Abstract

• We develop a model of carbon capture and utilisation where a firm invests in carbon capture and sells a proportion of its captured CO 2 emissions in the market for CO 2 . • We investigate the environmental effect of the ensuing increase in the supply of CO 2 on the behaviour of firms that use CO 2 as an input. • The increase in production of these firms has a ’rebound effect’ that counteracts the initial CO 2 emission reduction associated with CO 2 capture. • We discuss policy interventions to support carbon capture while accounting for this rebound effect. We develop a model to explore the incentives, consequences, and policy implications related to utilising captured carbon. Our model incorporates the decision by a firm considering investing in carbon capture technology, as well as the market for CO 2 . By including the latter, we investigate the effect the increase in supply of CO 2 (from captured sources) has on the equilibrium price, allowing us to accurately understand the revenue the investing firm will receive.
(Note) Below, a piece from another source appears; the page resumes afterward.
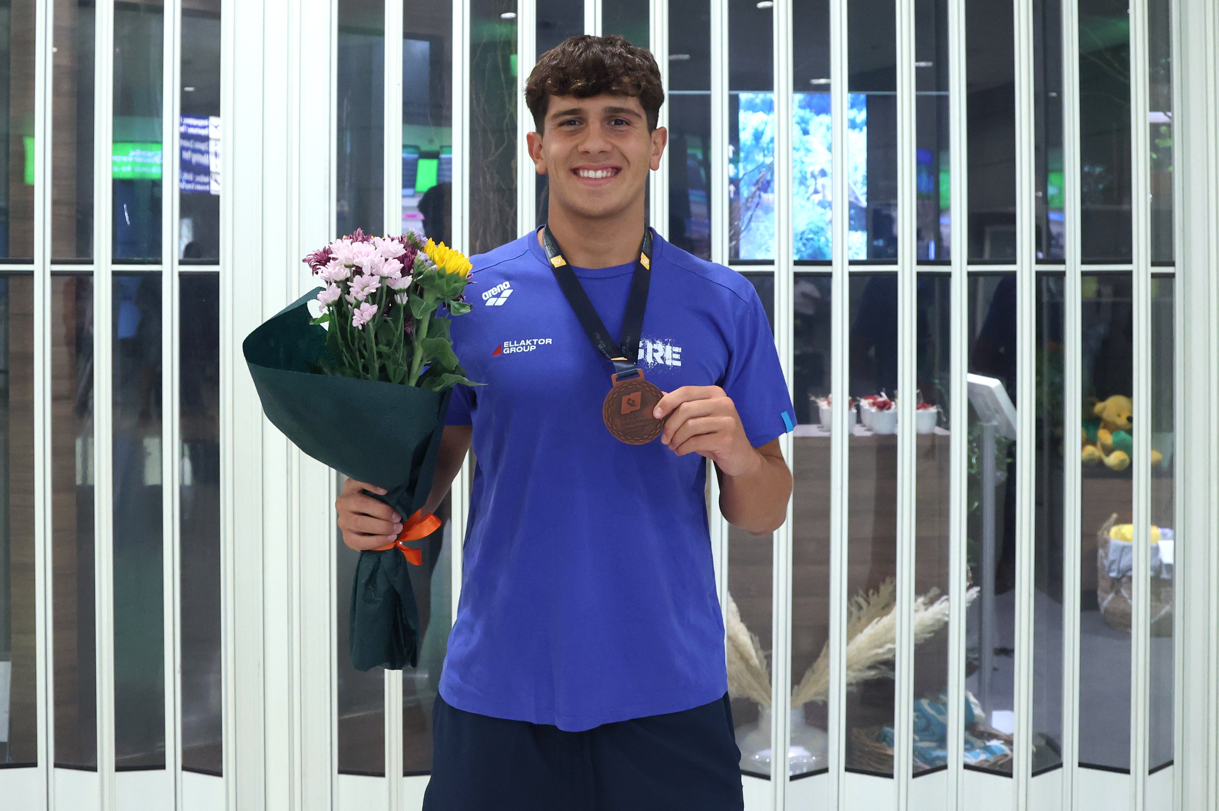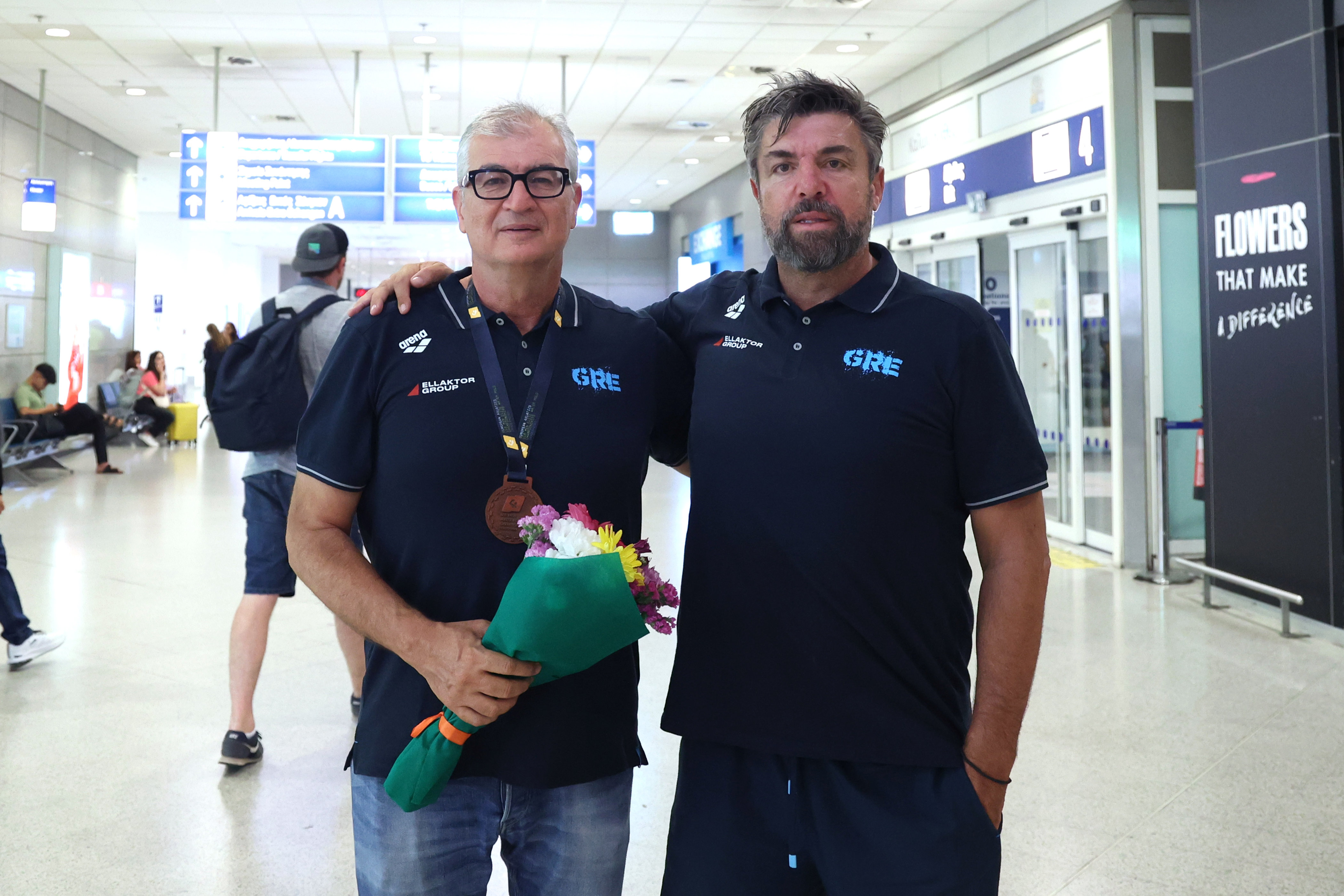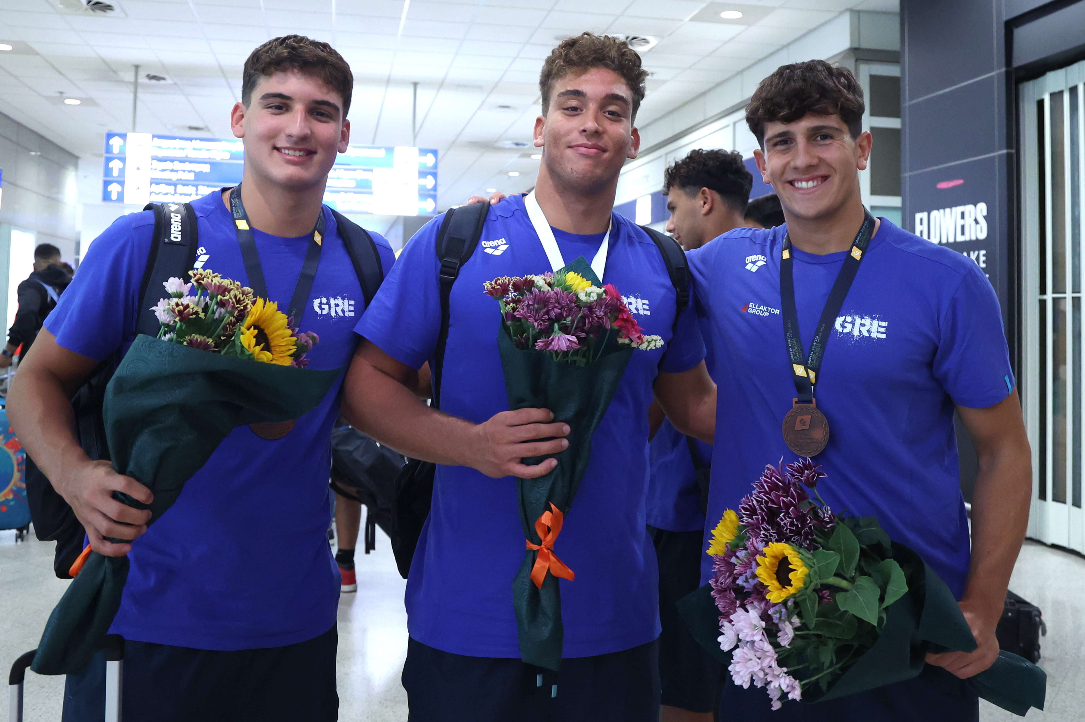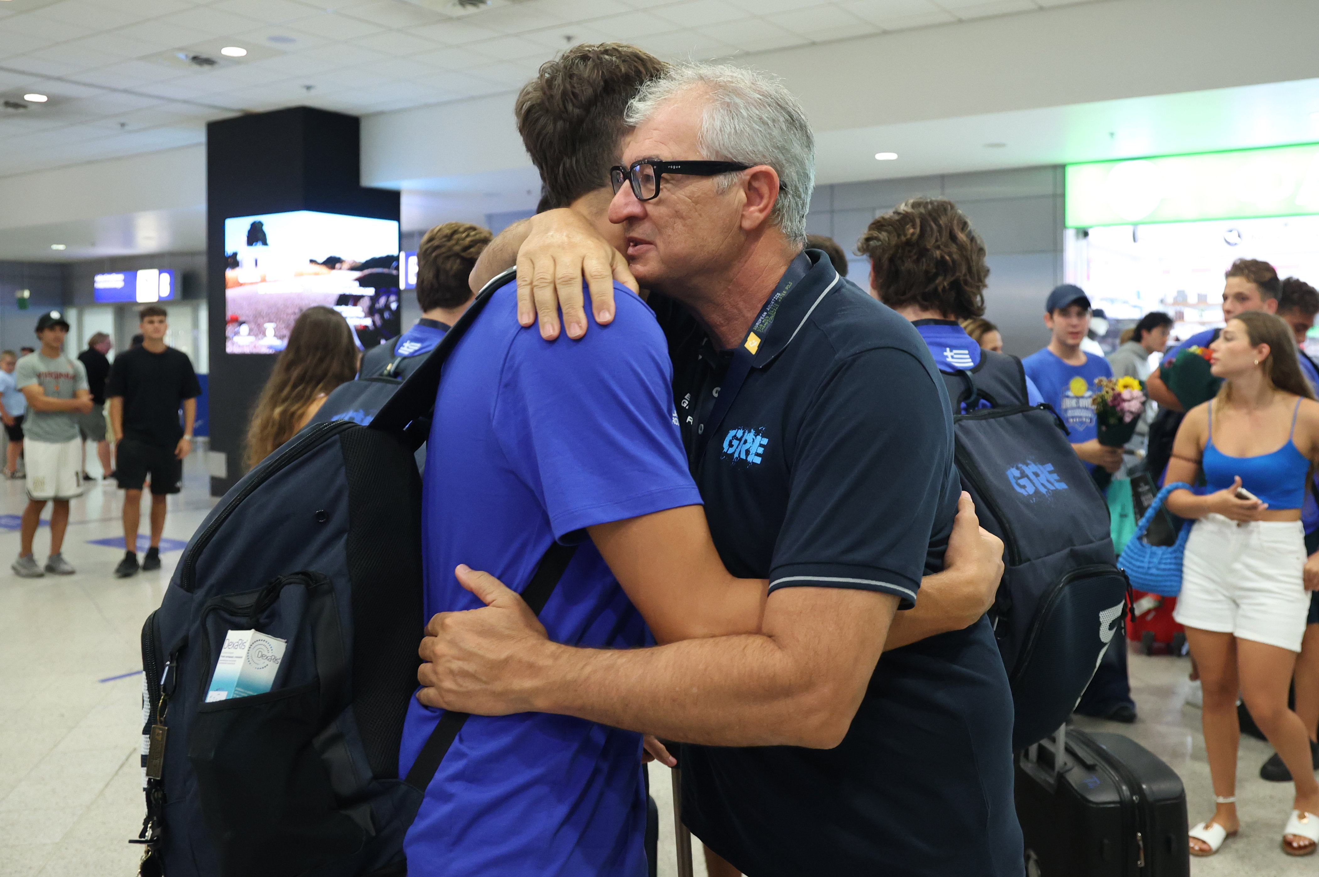 Στο αεροδρόμιο «Ελευθέριος Βενιζέλος» υποδέχθηκε την αποστολή εκ μέρους της Κολυμβητικής Ομοσπονδίας, ο Α΄Αντιπρόεδρος, Γιώργος Αφρουδάκης, ενώ παρόντες ήταν συγγενείς και φίλοι που χειροκρότησαν τους πρωταγωνιστές και τους πρόσφεραν ανθοδέσμες και μια μεγάλη, ζεστή αγκαλιά.

More importantly, it also allows us to understand the implications for the behaviour of firms that use CO 2 as an input: the reduction in the price of CO 2 lowers their marginal cost of production, encouraging them to produce more. By accounting for this offsetting ‘rebound’ effect, we can accurately understand the environmental consequences of carbon capture and utilisation. We also explore the policy implications of our analysis.